Run these checks whenever the reference tables are edited, before deploying the change to a scoring config:

  1. Assert every template row in Table 3 sums to 1.0 within floating-point tolerance:
for template, weights in TEMPLATE_WEIGHTS.items():
    total = sum(weights.values())
    assert abs(total - 1.0) < 1e-9, f"{template} weights sum to {total}, expected 1.0"
print("All template weight rows sum to 1.0")
  1. Confirm the score bands in Table 2 and Table 4 are contiguous with no gaps or overlaps: the upper bound of one band plus one must equal the lower bound of the next (49 + 1 == 50, 74 + 1 == 75, 89 + 1 == 90).
  2. Spot-check one page per template against Table 1: pull its p75 LCP, INP, and CLS from the last 28 days and confirm the pass/fail classification matches what your dashboard reports.
  3. Diff the checked-in reference table file against the previous Git revision and require a reviewer sign-off on any threshold or weight change — these tables are load-bearing for every downstream alert.

Troubleshooting

Thresholds feel stale — pages that "should" pass are showing Poor

Root cause: the Core Web Vitals thresholds in Table 1 are periodically revised (INP replaced FID in March 2024, for instance).
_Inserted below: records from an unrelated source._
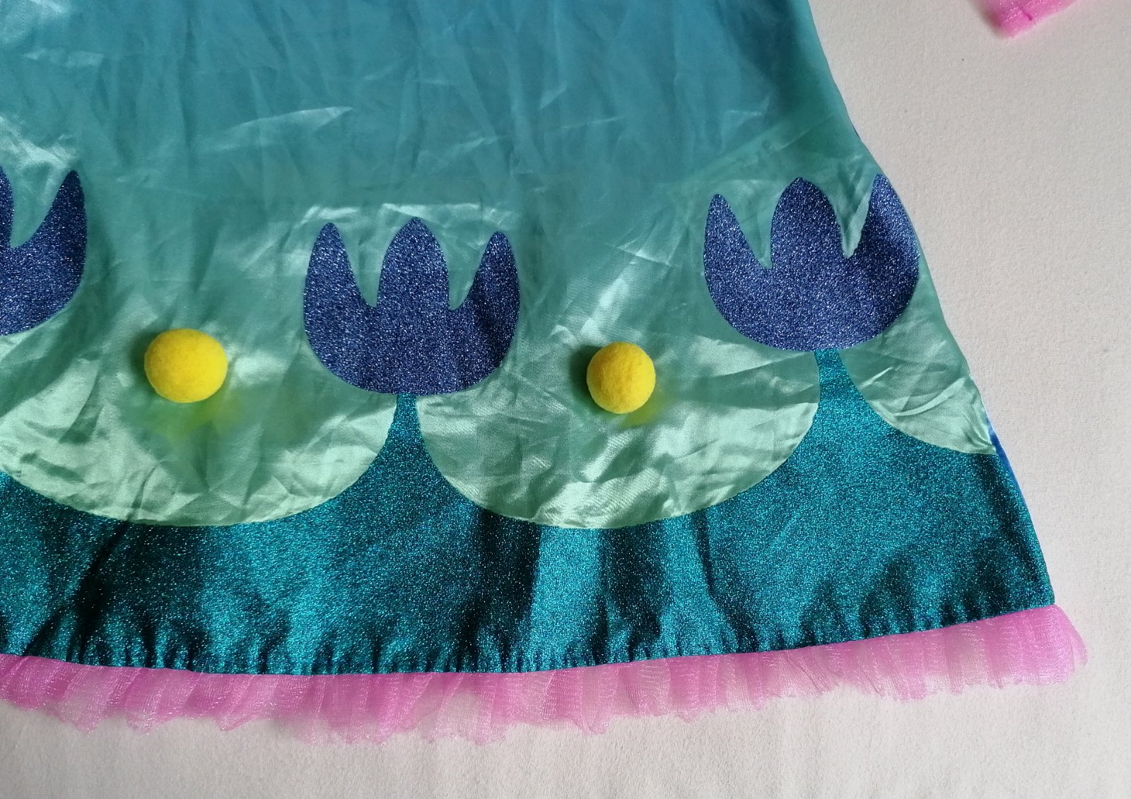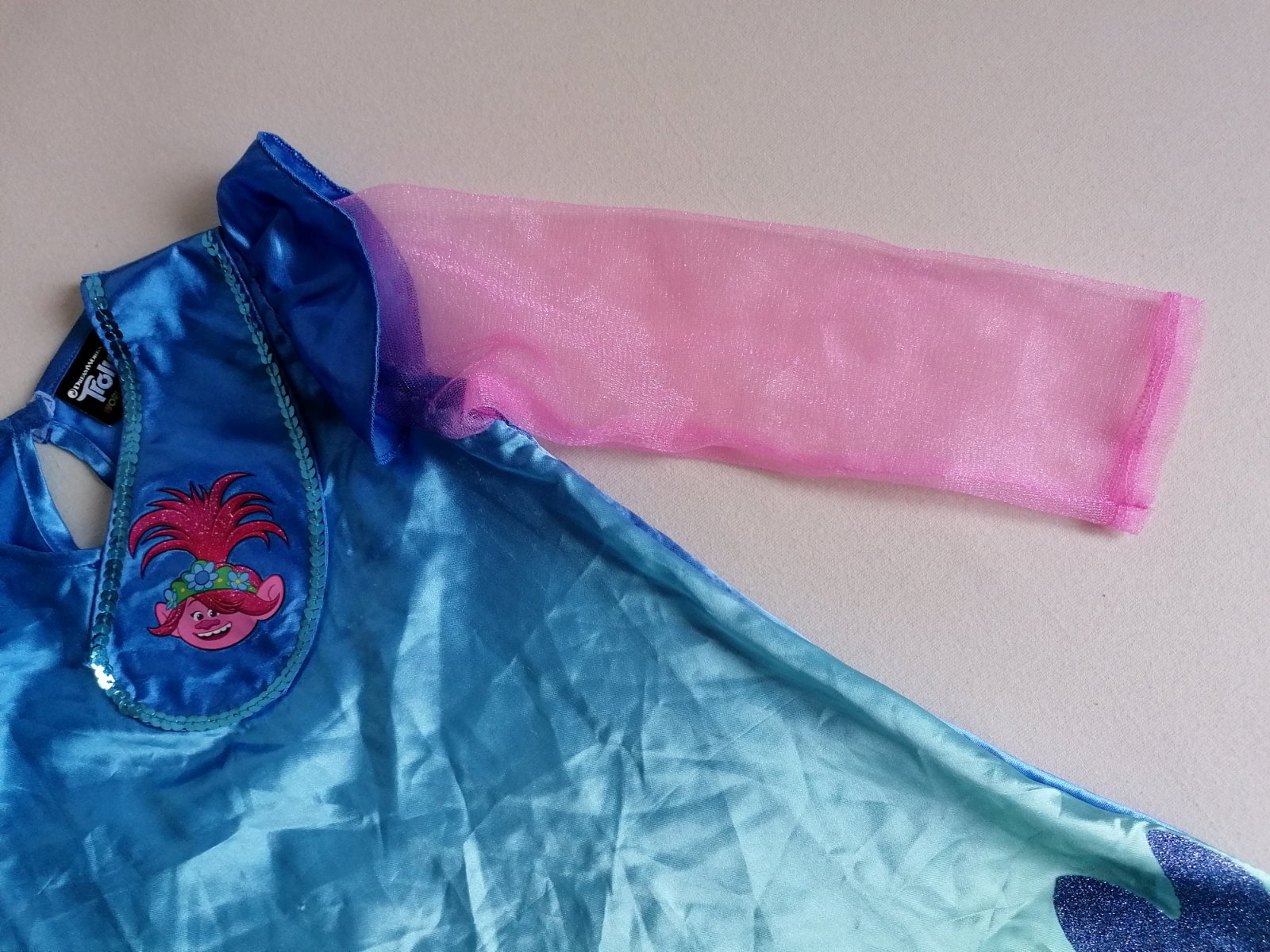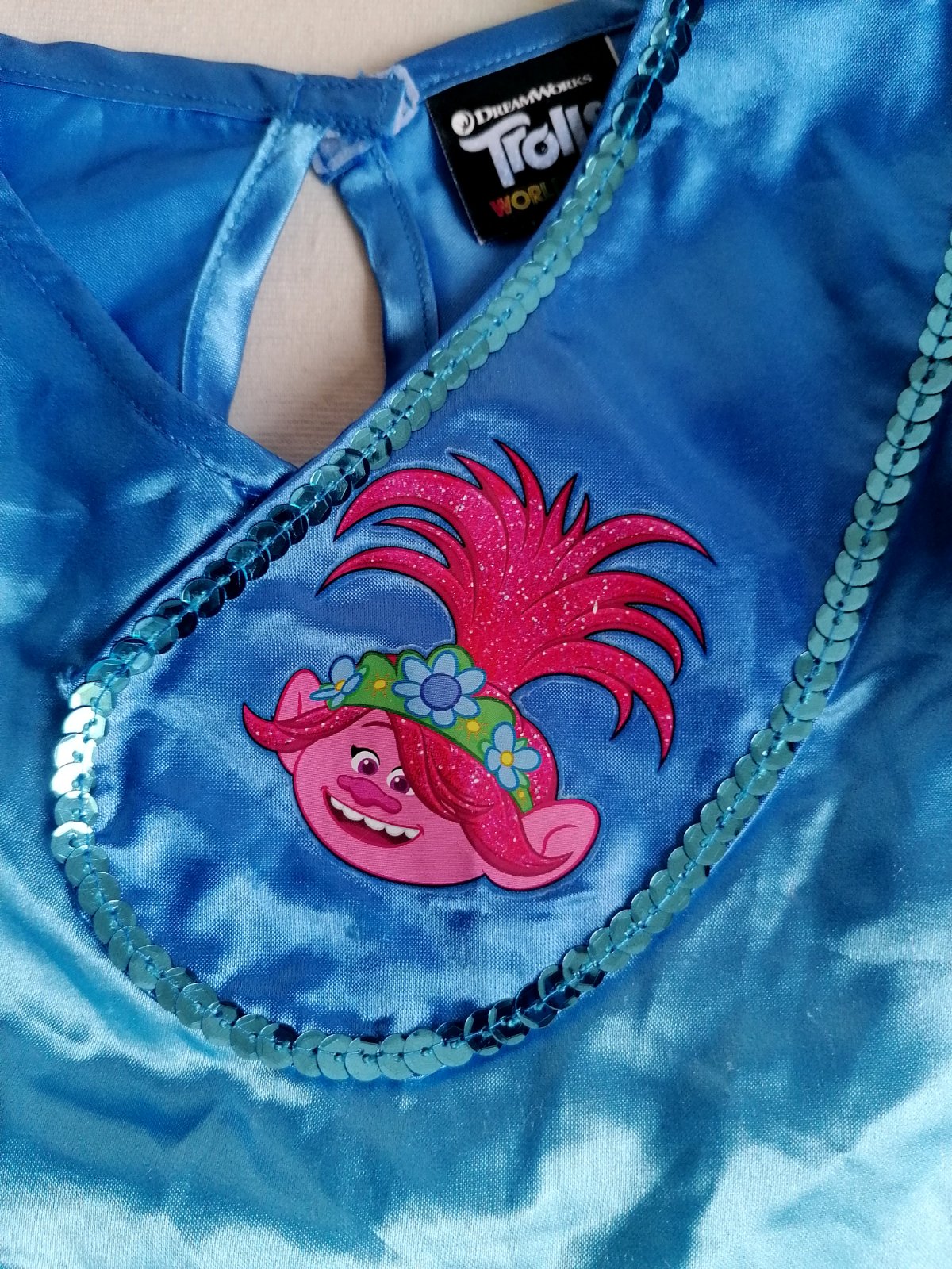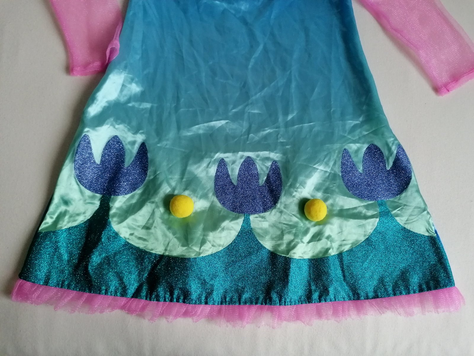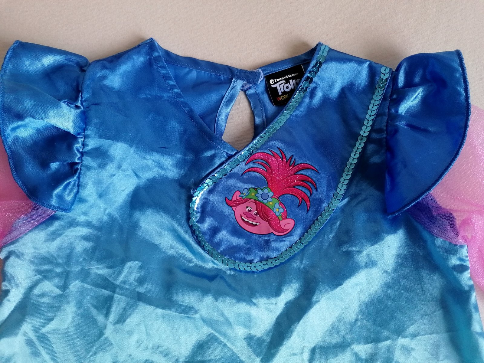 Stav: top stav, bez poškodení. Pekné šaty zdobené trblietavým motívom a brmbolcami na hrudi odbrázok malej Trollky na motívy rozprávky Trollovia.
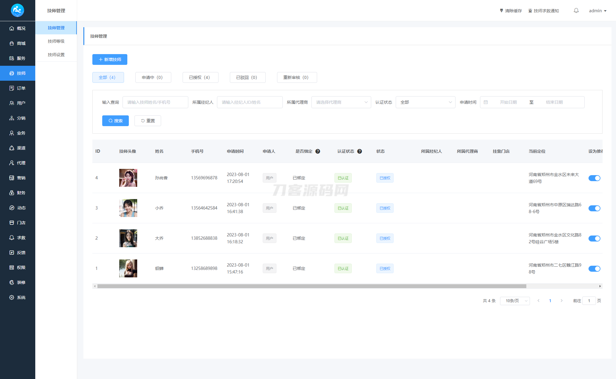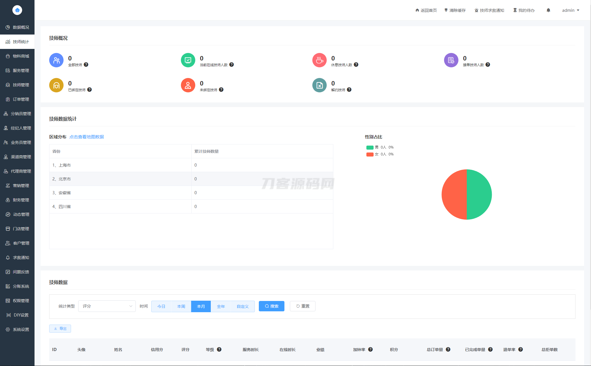 27、后台新增:技师统计(技师概况、技师数据统计、区域分布、技师数据等,可视化数据一目了然)
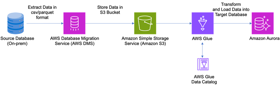 Data migration is a crucial process for successful cloud deployments, requiring consideration of factors like data types, volume, and available network resources. The data migration architecture is presented, leveraging AWS Database Migration Service (AWS DMS) and AWS Glue (for ETL).
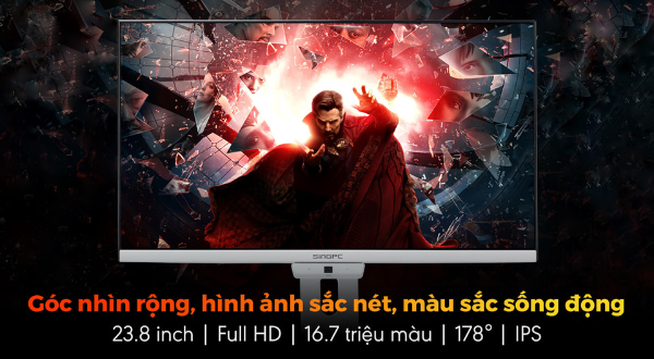 Màn hình hỗ trợ 16.7 triệu màu mang đến khả năng tái tạo các mảng màu sắc chân thật nhất, giúp bạn cảm nhận rõ ràng và lôi cuốn trên từng thước phim cho đến những trải nghiệm đặc sắc với khung hình sắc nét đến từng chi tiết hay trong bối cảnh game trên không gian hiển thị rộng lớn với kích thước màn hình 23.8 inch cùng độ phân giải Full HD (1920 x 1080), đảm bảo chất lượng hình ảnh được nguyên vẹn dù bạn nhìn trực diện hay nhìn nghiêng với góc rộng 178 độ nhờ vào tấm nền IPS hiện đại.

A scoring config pinned to an old threshold snapshot silently drifts from the current CrUX methodology.

# Compare the checked-in threshold file's last-modified commit against today
git log -1 --format="%ai" -- content/metric-scoring-data-normalization/health-score-reference-tables/index.md

Fix: review Table 1 against current CrUX guidance at least twice a year and bump dateModified when a threshold changes, so downstream configs know to re-sync.


Unit confusion between milliseconds and seconds

Root cause: LCP, TTFB, and FCP are listed in seconds in Table 1 for readability, but most RUM SDKs emit milliseconds. A config that copies 2.5 as a millisecond threshold instead of 2500 will flag nearly every page as failing.

# Sanity-check a threshold constant before deploying it
lcp_threshold_ms = 2.5          # WRONG — this is seconds, not milliseconds
assert lcp_threshold_ms > 100, "LCP threshold looks like seconds, not milliseconds"

Fix: standardize on milliseconds internally for all latency metrics and convert Table 1's second-denominated values (2.5 -> 2500) at the point of ingestion, with a unit test that catches the reversed conversion.


A score sits on a band boundary and different dashboards disagree

Root cause: one dashboard treats bounds as inclusive on the upper end, another on the lower end, so a score of 50 is classified "Critical" in one tool and "At Risk" in another.

Fix: standardize on the convention documented under the score-band scale above — lower bound inclusive — and update both dashboards' comparison operators (>= versus >) to match.


FAQ

Why do the tables list TTFB and FCP thresholds when only LCP, INP, and CLS are official Core Web Vitals?

TTFB and FCP are supplementary field metrics that explain regressions in the three official Core Web Vitals. A slow TTFB is frequently the root cause of a failing LCP, so scoring pipelines track it even though it does not factor into the CWV pass/fail assessment itself.

How often should the default weight-by-template table be recalibrated?

Review it quarterly and immediately after any redesign that changes a template's conversion path, such as moving checkout to a single-page flow. Recalibration should be a versioned commit to the weights file, not a silent runtime edit.

What happens if a page's composite score sits exactly on a band boundary?

Boundaries are inclusive on the lower bound of each band, so a score of exactly 50 falls in the At Risk band rather than Critical. Document this convention in code comments since off-by-one errors at boundaries are a common source of disagreement between dashboards.

Can I use these reference tables directly, or must I calibrate per site?

The Core Web Vitals thresholds are safe to use as-is since they come from the CrUX methodology. The severity tiers, template weights, and band labels are defaults meant as a starting point — most teams narrow them after establishing baseline metrics for their own domain.